◆ **Data block**:
________________________________________

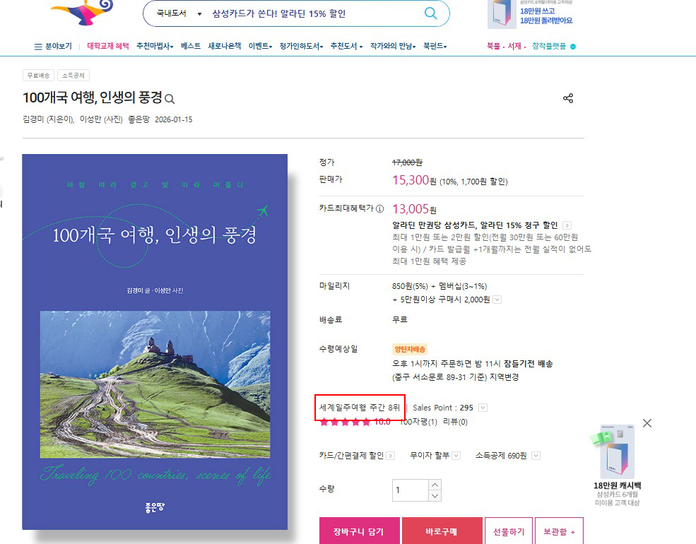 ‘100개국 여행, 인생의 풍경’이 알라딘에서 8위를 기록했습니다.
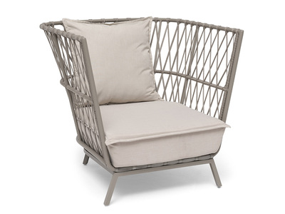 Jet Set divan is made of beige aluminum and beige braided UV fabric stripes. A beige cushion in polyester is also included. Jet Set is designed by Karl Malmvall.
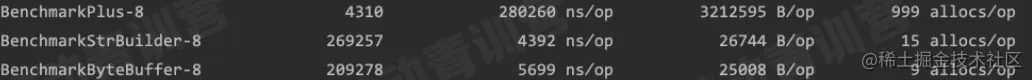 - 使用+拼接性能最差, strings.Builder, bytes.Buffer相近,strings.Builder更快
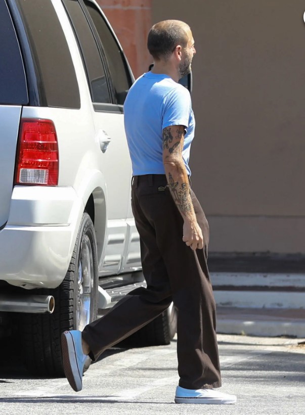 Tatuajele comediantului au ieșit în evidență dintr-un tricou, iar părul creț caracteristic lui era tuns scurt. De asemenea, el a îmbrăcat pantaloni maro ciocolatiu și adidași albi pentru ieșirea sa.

________________________________________

Copy verbatim the span that begins at the line containing "- 使用+拼接性能最差, strings.Builder, bytes.Buffer相近,strings.Builder更快" and ends at the last line of the material, inclusive of both; exclude pictures.

◆ **Your response**:
 - 使用+拼接性能最差, strings.Builder, bytes.Buffer相近,strings.Builder更快
 Tatuajele comediantului au ieșit în evidență dintr-un tricou, iar părul creț caracteristic lui era tuns scurt. De asemenea, el a îmbrăcat pantaloni maro ciocolatiu și adidași albi pentru ieșirea sa.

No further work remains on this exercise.